Top of SUPPLIED RECORDS
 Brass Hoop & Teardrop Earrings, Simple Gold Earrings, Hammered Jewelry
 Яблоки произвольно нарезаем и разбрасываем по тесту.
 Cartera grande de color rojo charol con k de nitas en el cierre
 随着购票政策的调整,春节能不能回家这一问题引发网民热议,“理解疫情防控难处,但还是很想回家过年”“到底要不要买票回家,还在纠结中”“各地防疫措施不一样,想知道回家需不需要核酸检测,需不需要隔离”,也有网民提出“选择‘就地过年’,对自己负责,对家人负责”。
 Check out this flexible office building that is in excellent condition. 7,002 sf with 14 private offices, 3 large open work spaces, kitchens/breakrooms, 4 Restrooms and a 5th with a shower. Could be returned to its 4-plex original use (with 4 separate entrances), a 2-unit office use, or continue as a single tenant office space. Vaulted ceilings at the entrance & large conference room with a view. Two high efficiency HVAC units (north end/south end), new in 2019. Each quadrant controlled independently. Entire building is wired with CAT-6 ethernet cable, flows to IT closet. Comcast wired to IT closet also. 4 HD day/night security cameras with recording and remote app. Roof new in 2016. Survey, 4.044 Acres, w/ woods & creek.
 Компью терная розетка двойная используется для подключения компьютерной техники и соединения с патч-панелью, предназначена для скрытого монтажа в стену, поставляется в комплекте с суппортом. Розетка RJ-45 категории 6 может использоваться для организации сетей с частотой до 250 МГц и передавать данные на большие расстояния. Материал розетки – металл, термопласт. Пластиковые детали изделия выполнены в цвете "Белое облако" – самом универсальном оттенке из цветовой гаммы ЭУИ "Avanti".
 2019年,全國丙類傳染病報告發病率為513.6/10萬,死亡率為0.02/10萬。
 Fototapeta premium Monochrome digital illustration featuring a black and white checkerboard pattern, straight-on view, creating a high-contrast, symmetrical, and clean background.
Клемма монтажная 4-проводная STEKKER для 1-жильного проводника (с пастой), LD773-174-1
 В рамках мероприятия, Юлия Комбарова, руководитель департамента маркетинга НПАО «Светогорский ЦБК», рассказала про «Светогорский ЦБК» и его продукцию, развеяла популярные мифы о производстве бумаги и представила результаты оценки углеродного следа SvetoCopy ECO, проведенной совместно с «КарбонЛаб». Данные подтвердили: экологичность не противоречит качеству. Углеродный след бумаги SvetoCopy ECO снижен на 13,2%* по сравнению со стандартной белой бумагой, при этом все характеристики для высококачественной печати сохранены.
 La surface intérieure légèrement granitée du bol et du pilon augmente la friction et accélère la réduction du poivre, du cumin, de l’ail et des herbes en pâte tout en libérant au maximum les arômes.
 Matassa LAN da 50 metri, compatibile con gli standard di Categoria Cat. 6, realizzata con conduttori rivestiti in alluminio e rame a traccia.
Bottom of SUPPLIED RECORDS
- _TASK GOAL_
Leave out every line after the one with "Cartera grande de". Reproduce the material above exactly from its first line through that line.

- _FINAL ANSWER_
 Brass Hoop & Teardrop Earrings, Simple Gold Earrings, Hammered Jewelry
 Яблоки произвольно нарезаем и разбрасываем по тесту.
 Cartera grande de color rojo charol con k de nitas en el cierre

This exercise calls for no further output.